Types of Nurse Practitioner Specialties
All nurse practitioners (NP) can write prescriptions for controlled substances, order lab tests, and diagnose conditions. Their exact responsibilities and patient bases will vary, however, depending on what they've pursued as specialization(s). Their scope of practice is further contingent upon their state's laws and regulations.
Types of Nurse Practitioners
NP specialties correspond to a specific patient population and/or concerns, like adult-gerontology or psychiatric mental health. Level of acuity is also a factor since NPs can be certified to provide either primary (non-urgent) or acute care. Below is an overview of the different licenses that NPs can obtain.
Family Nurse Practitioner (FNP)
FNPs make up the majority of nurse practitioners – nearly 70%, according to the American Association of Nurse Practitioners (AANP). In many instances, the role of an FNP mirrors that of a primary care physician, in that they provide comprehensive primary care to patients of all ages. Typical responsibilities of a family nurse practitioner include:
- Performing physical exams and health screenings
- Monitoring patient updates and maintaining records
- Developing and adjusting treatment plans for non-acute issues
- Providing continuing education and support for patients
The US is seeing aging populations and a growing shortage of medical professionals, rendering the holistic primary care that FNPs provide invaluable to the greater health care system.
Pediatric Nurse Practitioner (PNP)
Pediatric Nurse Practitioners in Primary Care (PNP-PC) work with child patients of all ages, with settings ranging from private practice to public health centers. They help patients and their families understand and manage their health care. As with FNPs, they perform physical exams, health screenings, and diagnose and treat non-acute conditions.
PNPs working in acute care (PNP-AC) provide family-centered care for young patients dealing with acute, critical, complex, and/or chronic issues. PNP-ACs practice in pediatric ICUs, emergency departments, and specialty-based clinics.
AGNPs work with adult and teenage patients. They can work either in primary care (AG-PCNP), which entails comprehensive care for a broad spectrum of needs, or they can provide acute care (AGACNP), typically to patients in ICU, emergency, or acute care units. AGNPs can work in private practice, hospital settings, nursing homes or in the homes of their patients. They also have expertise in helping older adult patients address the unique processes and needs related to aging.

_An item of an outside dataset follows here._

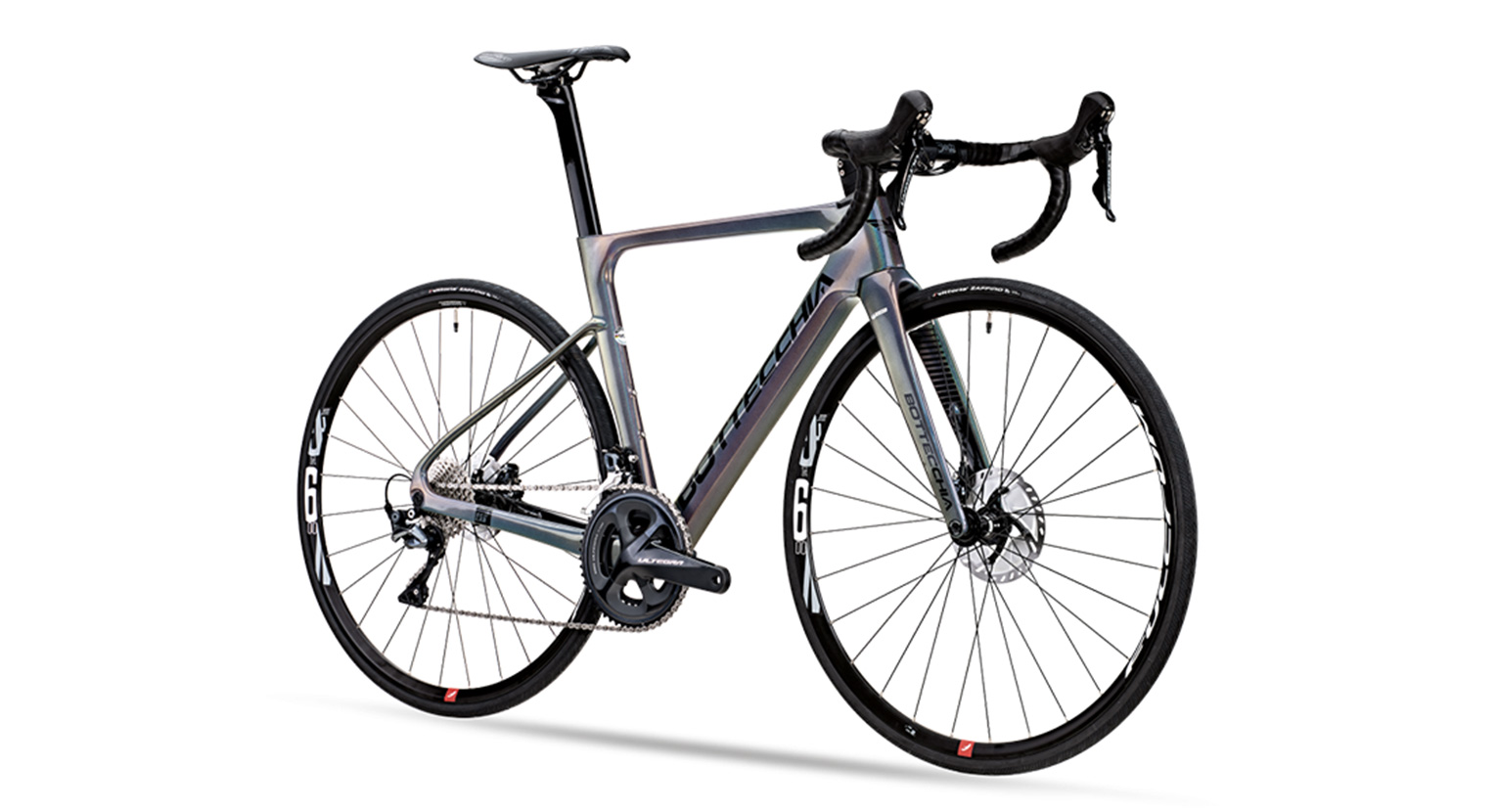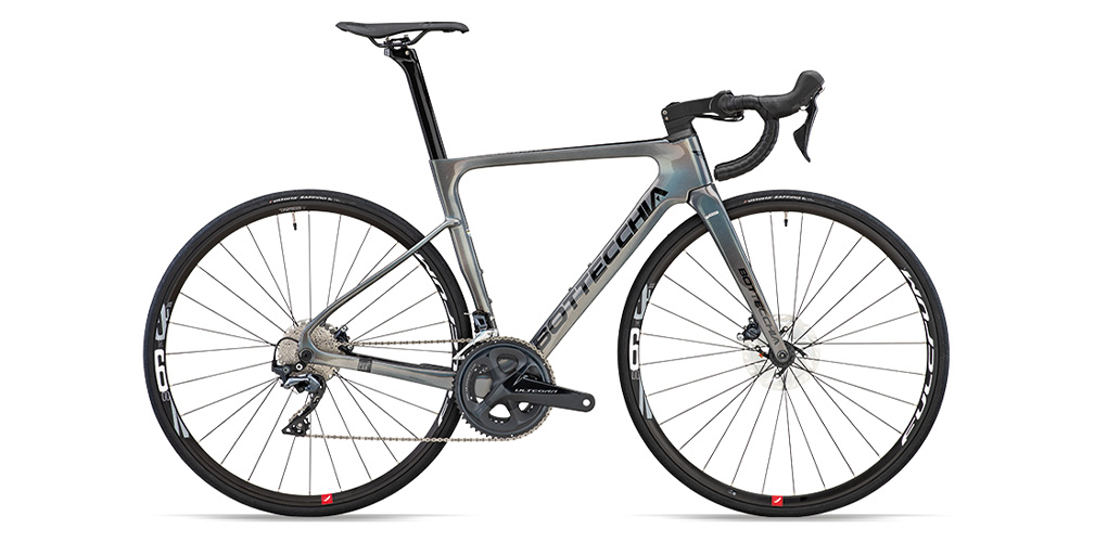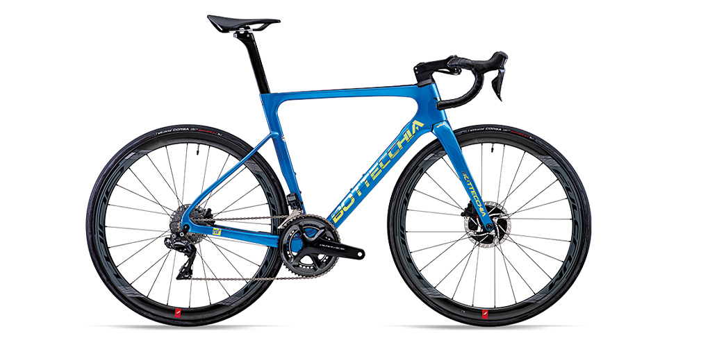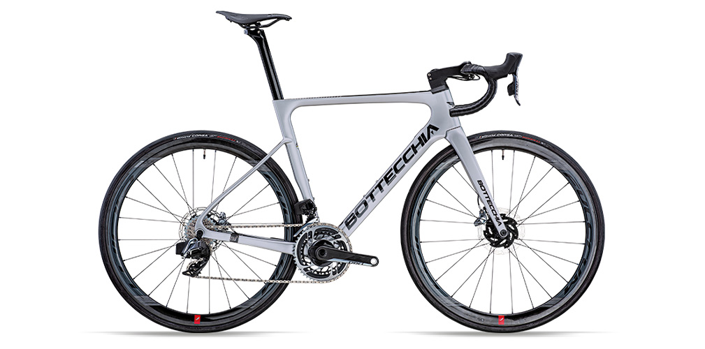 Bottecchia Aerospace: la “superleggera” (e super veloce…) bicicletta italiana, lo stesso modello in dotazione anche quest’anno ai professionisti del team Androni Giocattoli Sidermec, è oggi ordinabile anche assemblata con il nuovo gruppo elettronico Sram Rival eTap AXS. Questa trasmissione ha rappresentato quest’anno una vera e propria novità nel settore. La Aerospace è un prodotto destinato a soddisfare le esigenze e le aspettative di una larghissima fetta di consumatori. Si può disporre in “un unicum” sia della migliore tecnologia di cambiata “wireless” messa a punto da Sram, quanto di un misuratore di potenza integrato e della connettività AXS. Il tutto ad un prezzo allettante, ideale per attrarre nuovi utenti al “club” degli utilizzatori del cambio elettronico. La cambiata wireless è combinata con l’impiego di ottimi freni a disco idraulici.

Psychiatric Nurse Practitioner (PMHNP)
PMHNPs are nurse practitioners who work in mental health care. Depending on the state in which they practice, they may have full license to diagnose and prescribe medication to treat mental illnesses, disorders, or substance abuse problems. They may also work in collaboration with a psychiatrist. PMHNPs can work across different settings, including private psychiatric practices, schools, and community mental health centers.
Neonatal Nurse Practitioners (NNP)
NNPs work with infants up to two years of age who are born prematurely and/or with an illness (such as infection), birth defects, or other health conditions. They often work in neonatal ICUs, where they collaborate with a health care team. The role of a NNP also includes screening, diagnosing, and treating the neonates in their care, and educating parents and family.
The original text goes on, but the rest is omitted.